Fehlt die Journalistische Einordnung?
Zur Erklärung: Ein Newsroom ist ein Raum, in dem verschiedenste Medien zentral agieren können – von der Pressestelle bis zum Instagram-Kanal. So kann in Krisenphasen schnell ein Statement crossmedial verbreitet werden. In großen Unternehmen ist das keine Neuerung, in der Politik schon. Zum einen kann es von Vorteil sein, ungefiltert über politische Ziele zu reden. So empfindet es zumindest die AfD, die durch ihren Newsroom abbilden möchte, was ihrer Meinung nach nicht korrekt oder ausführlich genug berichtet wird. Gleichzeitig gibt es die Sorge, dass genau diese ungefilterte Kommunikation eher als Eigenwerbung gilt und sich Strukturen abseits der journalistischen Neutralität bilden. Kritische Nachfragen und ein Perspektivwechsel – schwierig.

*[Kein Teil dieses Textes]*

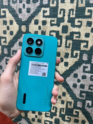 Смартфон с большим безрамочным дисплеем и вырезом под фронтальную камеру в верхней части экрана. Корпус в ярком бирюзовом цвете, текстурированная задняя крышка. Блок основной камеры — квадратный, с четырьмя круглыми модулями и вспышкой. На задней панели есть наклейка с IMEI и маркировкой EAC, а также нижний прорезь динамика.

So schreibt René Martens vom MDR: „Als Bundesverkehrsminister Andreas Scheuer im Juni 2018 Dieselfahrzeuge zurückrufen ließ, veröffentlichte der Newsroom seines Ministeriums für die Medien eine Videobotschaft des Behördenchefs. Interviews gab Scheuer zu diesem Zeitpunkt nicht.“
Politische Kommunikation im diesjährigen Superwahljahr
Im deutschen Superwahljahr 2021 wird nicht nur der Bundestag neu gewählt, sondern auch in die Länderparlamente von Rheinland-Pfalz, Baden-Württemberg, Berlin, Mecklenburg-Vorpommern, Sachsen-Anhalt und Thüringen. Klar, dass sich die Kandidaten und Kandidatinnen in diesem Jahr besonders positionieren wollen. Durch Corona sind der Straßenwahlkampf und persönliche Begegnungen kaum möglich. Und so setzt sich der Trend der eigenen (digitalen) Kommunikationskanäle fort. Statt Interviews zu geben oder in Talkshows zu sitzen, wird seit einigen Jahren lieber ohne einen Vermittler kommuniziert. Was heißt das für die Wähler*innen?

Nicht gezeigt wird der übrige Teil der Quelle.